Al llegar Jesús a casa del magistrado y ver a los flautistas y la gente
alborotando, decía: «¡Retiraos! La muchacha no ha muerto; está dormida». Y se
burlaban de Él. Mas, echada fuera la gente, entró Él, la tomó de la mano, y la
muchacha se levantó. Y la noticia del suceso se divulgó por toda aquella
comarca.
«Tu fe te ha salvado»
Rev. D. Antoni CAROL i Hostench - (Sant Cugat del Vallès, Barcelona,
España)
Hoy, la liturgia de la Palabra nos invita a admirar dos magníficas
manifestaciones de fe. Tan magníficas que merecieron conmover el corazón de
Jesucristo y provocar —inmediatamente— su respuesta. ¡El Señor no se deja ganar
en generosidad!
«Mi hija acaba de morir, pero ven, impón tu mano sobre ella y vivirá» (Mt
9,18).
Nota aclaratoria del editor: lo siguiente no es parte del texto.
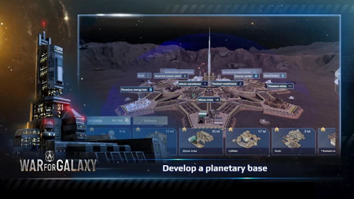 Become the ruler of the entire Galaxy: colonize planets, extract resources, build defenses and fight in planetary battles! Develop your alliance and consume entire worlds with your team! Feel the role of the head of the entire cosmos in War For Galaxy!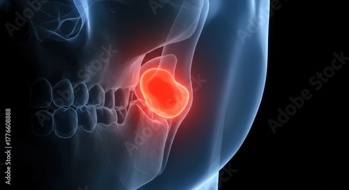 3d illustration of a tumor or lesion affecting the jawbone and teeth in a human head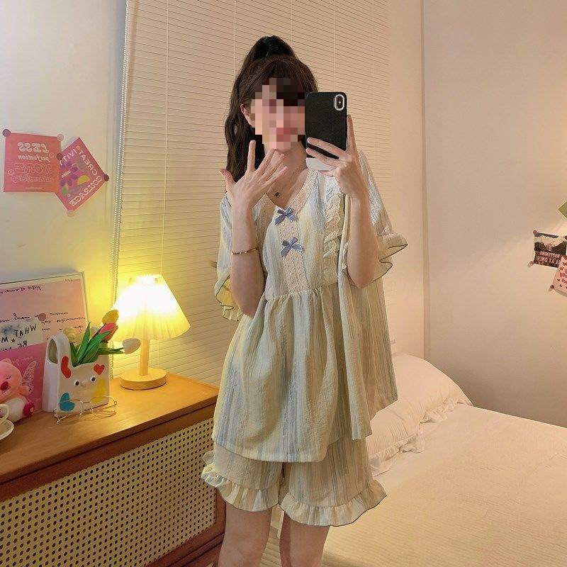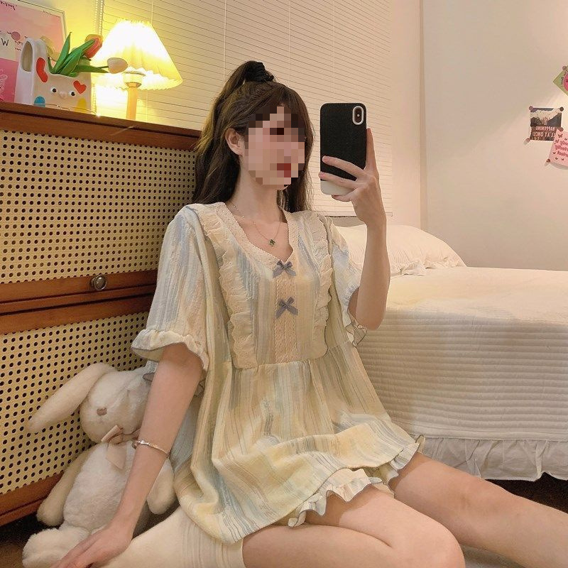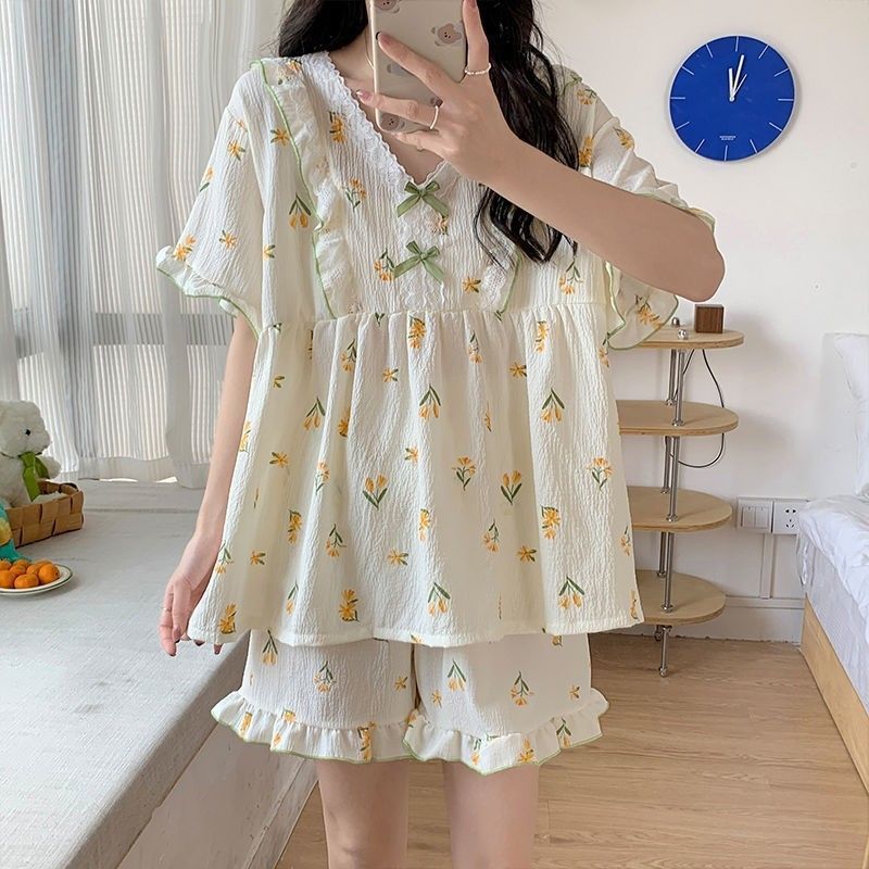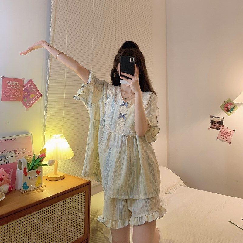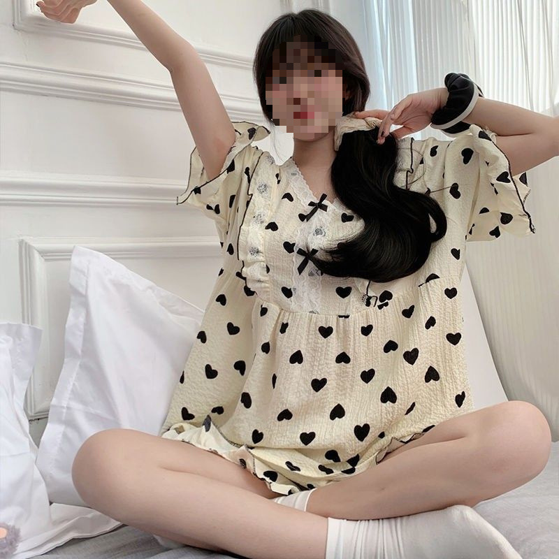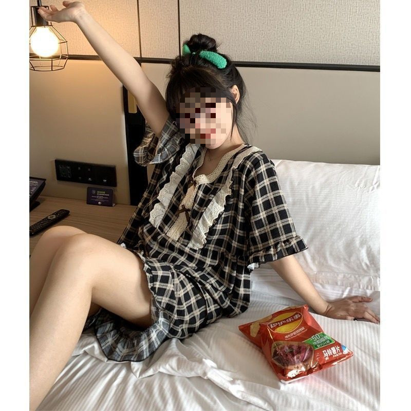 150kg 뚱뚱한 mm 플러스 사이즈 잠옷 여성 여름 얇은 ins 라이트 루즈 반팔 반바지 홈웨어 투피스 세트

Casi podríamos decir que con fe firme “obligamos” a Dios. A Él le gusta
esta especie de obligación. El otro testimonio de fe del Evangelio de hoy
también es impresionante: «Con sólo tocar su manto, me salvaré» (Mt 9,22).
Se podría afirmar que Dios, incluso, se deja “manipular” de buen grado por
nuestra buena fe. Lo que no admite es que le tentemos por desconfianza. Éste fue
el caso de Zacarías, quien pidió una prueba al arcángel Gabriel: «Zacarías dijo
al ángel: ‘¿En qué lo conoceré?’» (Lc 1,18). El Arcángel no se arredró ni un
pelo: «Yo soy Gabriel, el que está delante de Dios (...). Mira, te vas a quedar
mudo y no podrás hablar hasta el día en que sucedan estas cosas, porque no diste
crédito a mis palabras, las cuales se cumplirán a su tiempo» (Lc 1,19-20). Y así
fue.
Es Él mismo quien quiere “obligarse” y “atarse” con nuestra fe: «Yo os
digo: Pedid y se os dará; buscad y hallaréis; llamad y se os abrirá» (Lc 11,9).
Él es nuestro Padre y no quiere negar nada de lo que conviene a sus hijos.
Pero es necesario manifestarle confiadamente nuestras peticiones; la
confianza y connaturalizar con Dios requieren trato: para confiar en alguien le
hemos de conocer; y para conocerle hay que tratarle. Así, «la fe hace brotar la
oración, y la oración —en cuanto brota— alcanza la firmeza de la fe» (San
Agustín). No olvidemos la alabanza que mereció Santa María: «¡Feliz la que ha
creído que se cumplirían las cosas que le fueron dichas de parte del Señor!» (Lc
1,45).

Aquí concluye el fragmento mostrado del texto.